Data to examine ▸
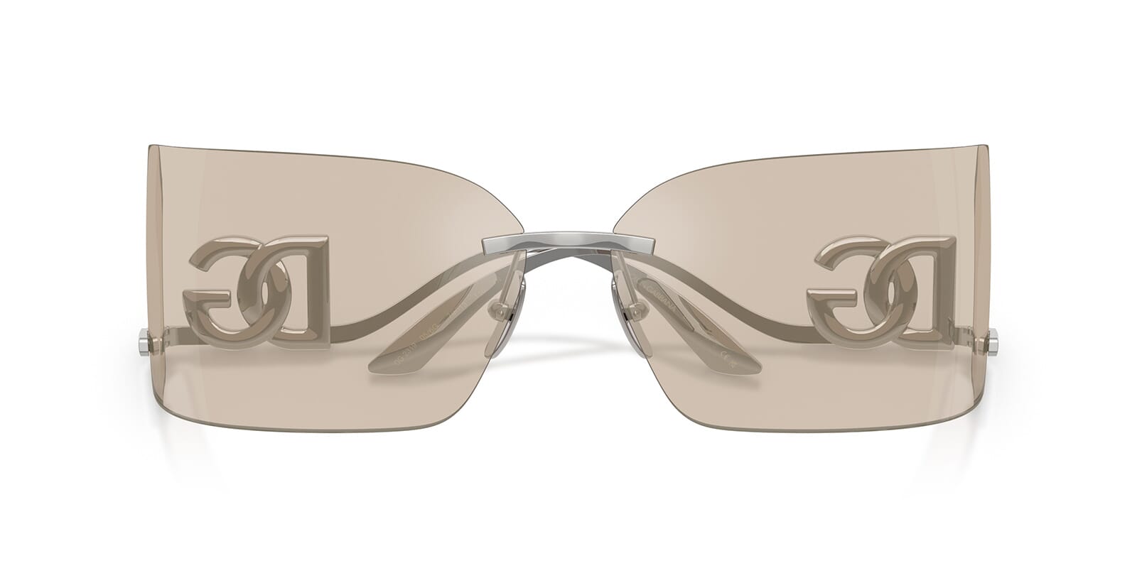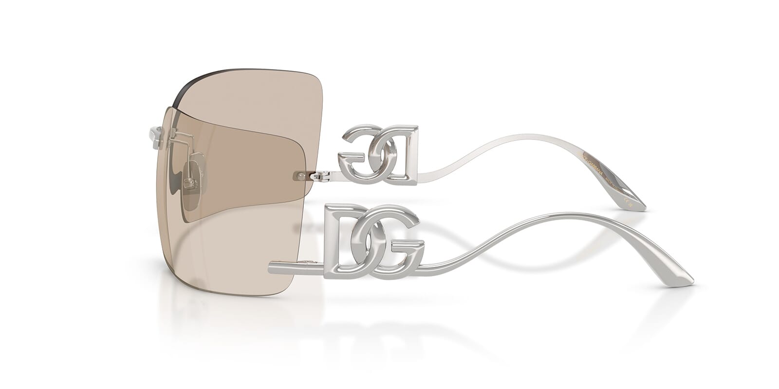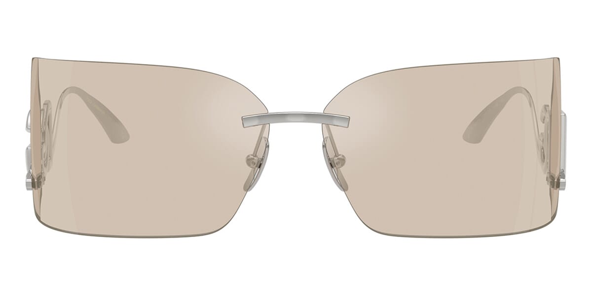 This rectangular Dolce&Gabbana sunglass comes in a silver frame with light brown with ivory flash mirror lenses.
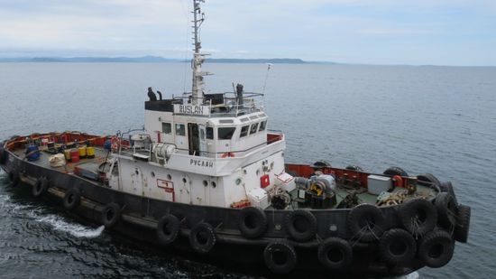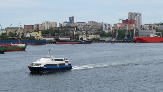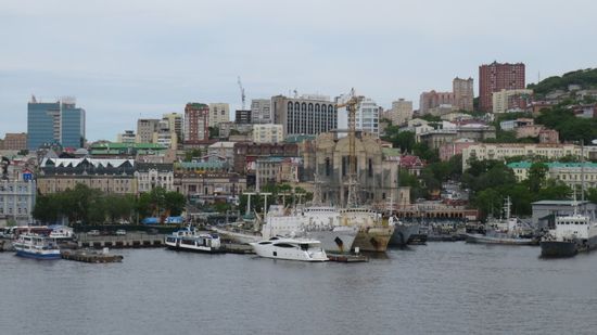 Wir kommen pünktlich um 14:00 in Vladivostok an, die Schleppboote warten schon darauf, uns ans Ufer schieben zu dürfen,
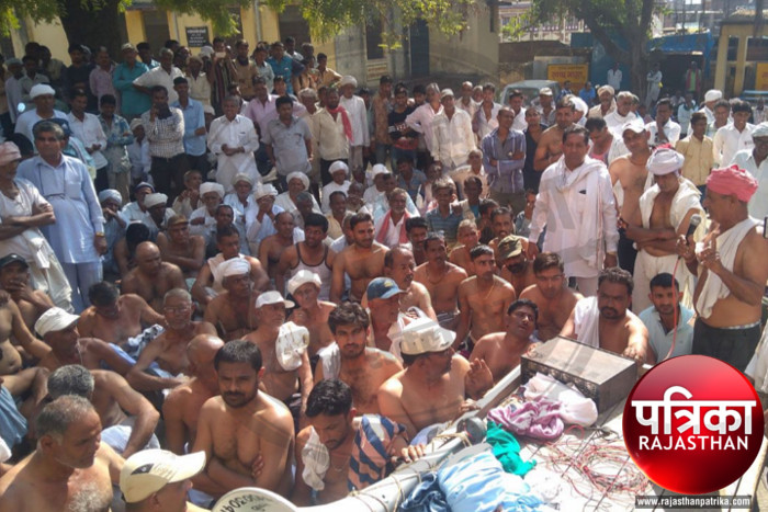 बांसवाड़ा. बागीदौरा. समर्थन मूल्य पर सोयाबीन खरीदी के लिए गत कई दिनों से संघर्षरत किसानों के सब्र का बांध सोमवार को टूट गया और अपनी मांगों के लिए बागीदौरा में उन्होंने अद्र्धनग्न होकर प्रदर्शन किया। खरीद को लेकर गत दिनों दिए गए अल्टीमेटम के बाद भारतीय किसान संघ के बैनर तले बड़ी संख्या में किसान बागीदौरा बस स्टेण्ड के मुख्य चौराहे पहुंचे और प्रशासन के खिलाफ नारेबाजी कर धरने बैठ गए। किसानों का प्रतिनिधिमण्डल तहसीलदार राकेश कुमार से मिलने पहुंचा और वहां सोयाबीन खरीद के लिए अब तक गुणवत्ता निरीक्षक के नहीं पहुंचने की बात कही।
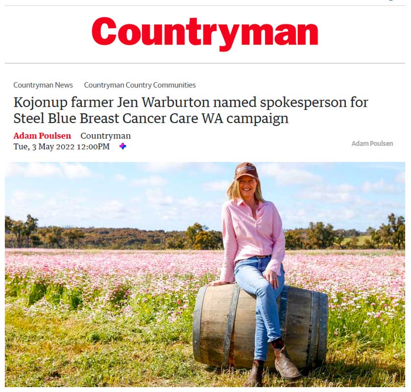 Countryman – Kojonup farmer Jen Warburton named spokesperson forSteel Blue Breast Cancer Care WA campaign
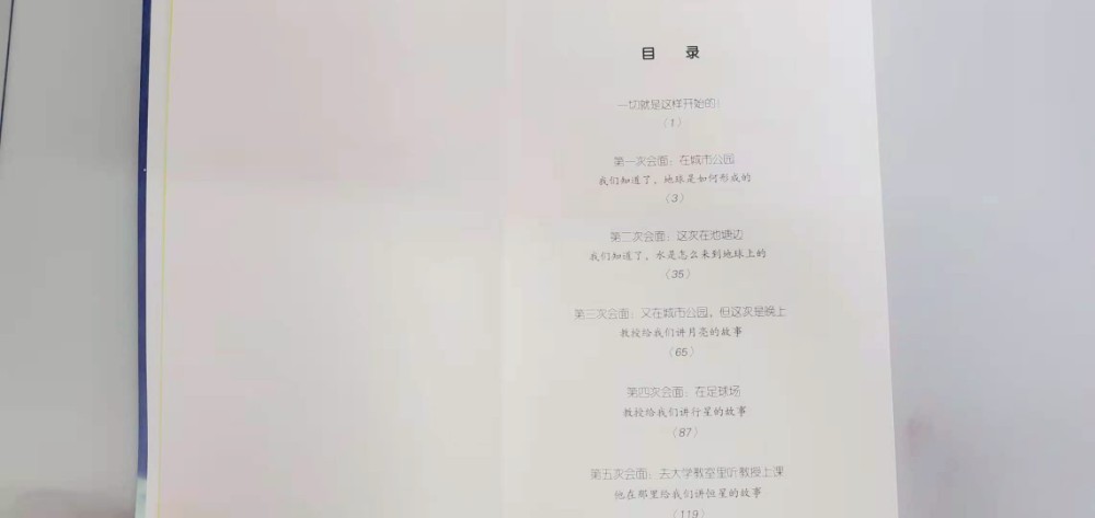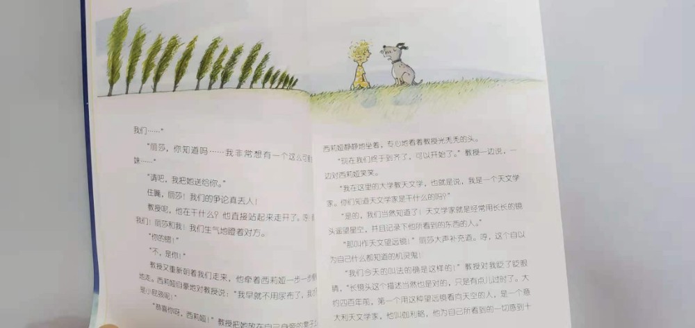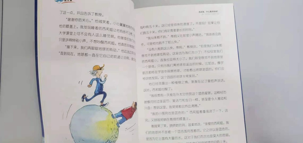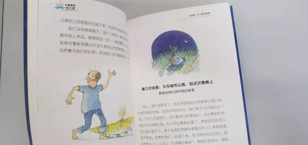 今天试读的是一本科普书《大教授的科学课》,这次的科普书跟以往的有些不同。大部分的科普书都是列问题进行解答。今天试读的书是把科学知识融入到故事中。在故事里还穿插着5个孩子之间,以及和教授之间的感情故事。把宇宙观人生观巧妙的融合在一起。 《大教授的科学课》一共有四册。每一本一个科学主题分别是《告诉我,什么是数学?》深入浅出的介绍了数学的概念。《告诉我,什么是进化论?》将地球童话讲的生动有趣。《告诉我,什么是哲学?》哲学可是比较深奥的学科,我觉得是我不能理解的。《告诉我,什么是天和地?》文中用通俗的语言和生动的比喻讲述了地球诞生的故事。我们收到的是《告诉我,什么是天和地?》一起来宇宙探秘吧。 本书32开148页全彩印刷,小主人公的生日就要到了,他想要一份特别的生日礼物。他希望有一个人能给他讲讲宇宙和地球的故事。这真是一个爱学习的好孩子。没想到真的有大学教授愿意给他讲解。他们约在城市公园里见面。小主人公还带上了四个好朋友。这位教授是个很随和的人,他们一起坐在草地上。丽莎首先提出一个问题:宇宙在不断的延申,这事为什么呢?教授说这是个很好的开始,宇宙天空都在不断的延申,但是会延申到那里?为什么延申?现在还不知道答案。这就需要我们不断的去探索了。教授很会沟通处处都表现得很绅士。从故事中我了解到四半年前第一个用长镜头望远镜看向天空的的人是伽利略。我们地球已经四十六亿岁了。是一颗岩石行星,巨大的尘埃星球在旋转中会不断释放出能量。,在不断加热之下尘埃颗粒开始融化后在一起凝固成石块,这个过程不断重复最终形成了岩石星球。因为有引力我们才能够站在地面上。而且引力永远也不会消失。地球的产生是非常伟大的事情,水会来到地球是一个美丽的幸运。在宇宙中散布着许多的气体,这些带冰的尘埃微粒和气体会因为引力而相互吸引,这些气体云越积越密,压得越来越紧。水蒸气在某个时刻冷却下来就开始下雨了。这场雨下了四万年,雨水像倒水一样倒在地球上。我们可以想想一下这个场景又壮观又神奇。宇宙万物还有很多谜底待解开。

Brief ▸ Only the line with "Wir kommen pünktlich" and those preceding it, back to the first line of the entries, should be repeated exactly, without pictures.

Your response ▸
 This rectangular Dolce&Gabbana sunglass comes in a silver frame with light brown with ivory flash mirror lenses.
 Wir kommen pünktlich um 14:00 in Vladivostok an, die Schleppboote warten schon darauf, uns ans Ufer schieben zu dürfen,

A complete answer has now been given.